# What is being asked:
Transcribe the listing below in full, exactly, with no images.

# Information shown:
+-------+

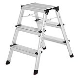 - SICHER & STABIL: Die Trittleiter hat 3 extra breite Stufen (30 x 20 cm) mit schwarzen Anti-Rutsch-Matten und verfügt übder gummierte Füße sowie ein Sicherheitsverriegelung für besonders hohe Standsicherheit.
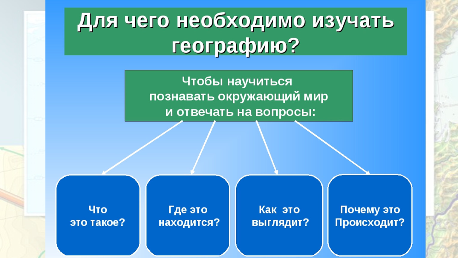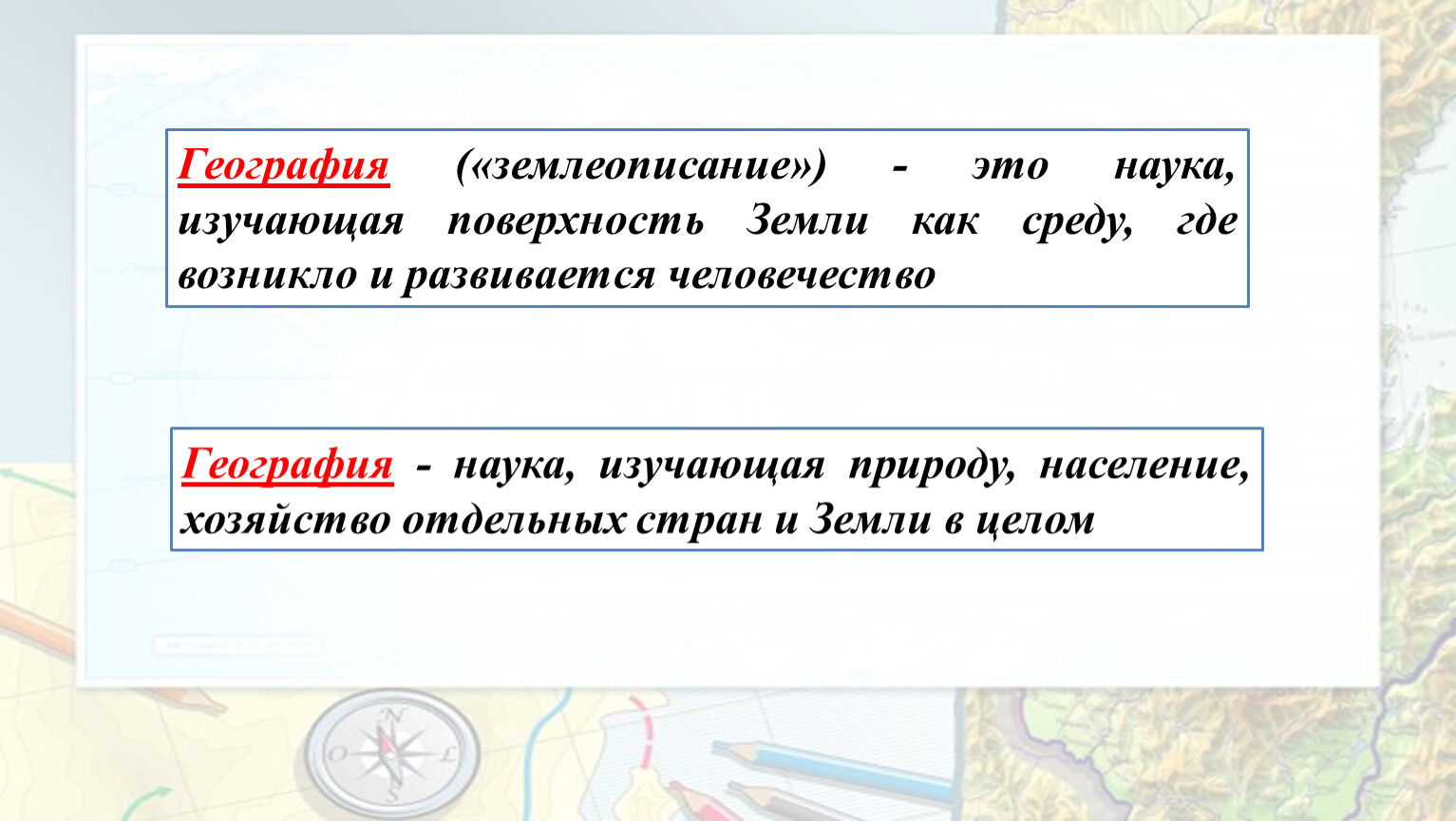 География («землеописание») - это наука, изучающая поверхность Земли как среду, где возникло и развивается человечество
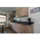 Die moderne, offene Küche mit angrenzendem Essbereich ist mit Gaskochplatte, Kombi-Mikrowelle, Geschirrspüler und Kühlschrank ausgestattet. In der Waschküche befinden sich ein Gefrierschrank und eine Waschmaschine.
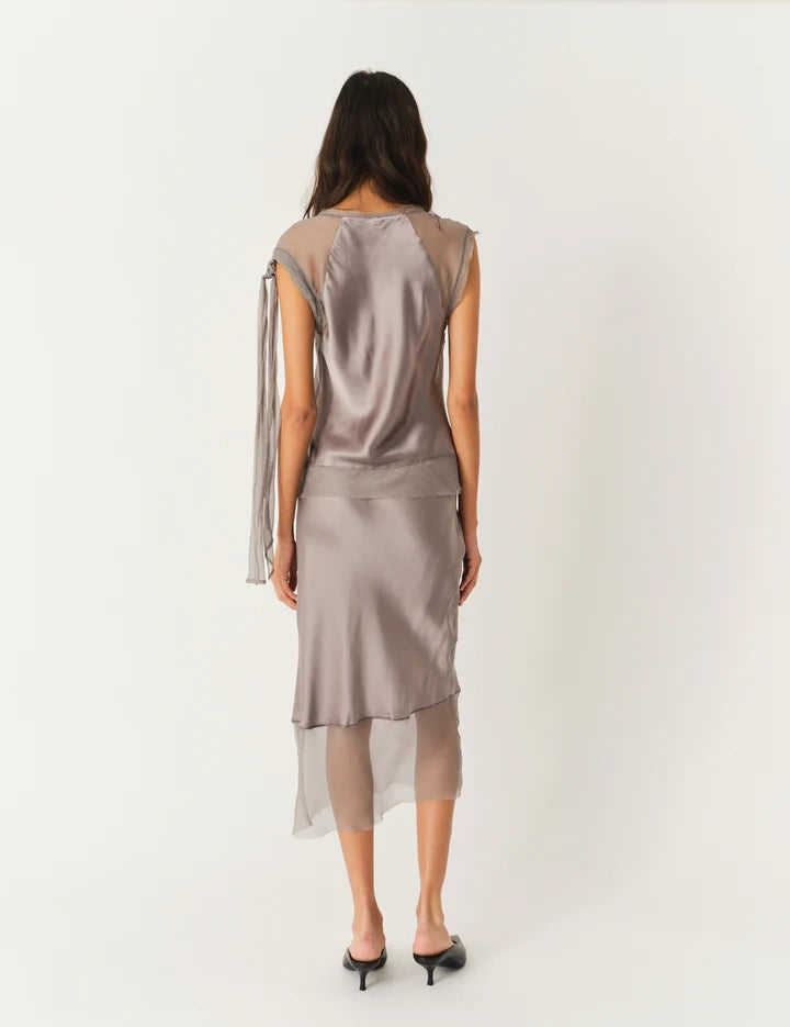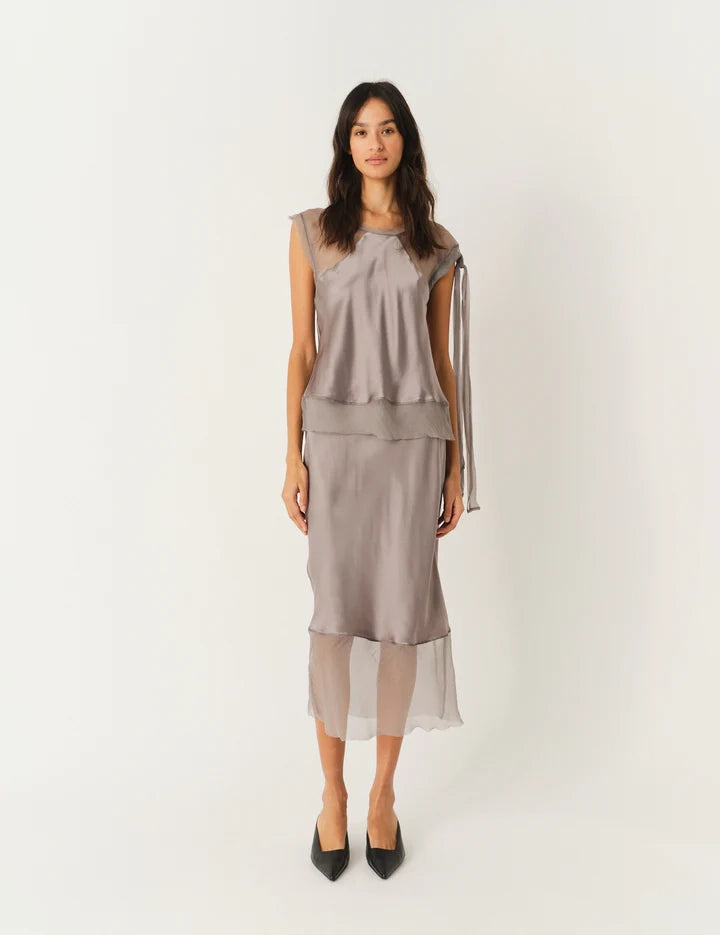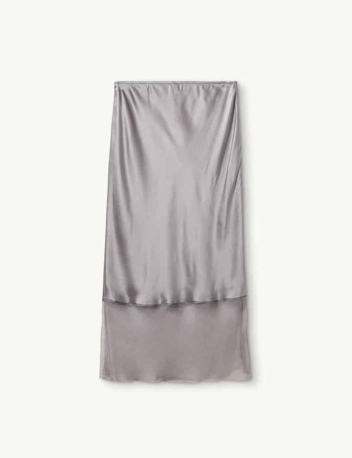 Luźna, jedwabna spódnica midi Catania The Garment z wysokim stanem. Elastyczna w talii. U dołu wykończona kontrastową, lekko transparentną tkaniną. Połącz ją z oversizowym swetrem, luźną koszulą i baletkami.

+-------+

# The completed task:
 - SICHER & STABIL: Die Trittleiter hat 3 extra breite Stufen (30 x 20 cm) mit schwarzen Anti-Rutsch-Matten und verfügt übder gummierte Füße sowie ein Sicherheitsverriegelung für besonders hohe Standsicherheit.
 География («землеописание») - это наука, изучающая поверхность Земли как среду, где возникло и развивается человечество
 Die moderne, offene Küche mit angrenzendem Essbereich ist mit Gaskochplatte, Kombi-Mikrowelle, Geschirrspüler und Kühlschrank ausgestattet. In der Waschküche befinden sich ein Gefrierschrank und eine Waschmaschine.
 Luźna, jedwabna spódnica midi Catania The Garment z wysokim stanem. Elastyczna w talii. U dołu wykończona kontrastową, lekko transparentną tkaniną. Połącz ją z oversizowym swetrem, luźną koszulą i baletkami.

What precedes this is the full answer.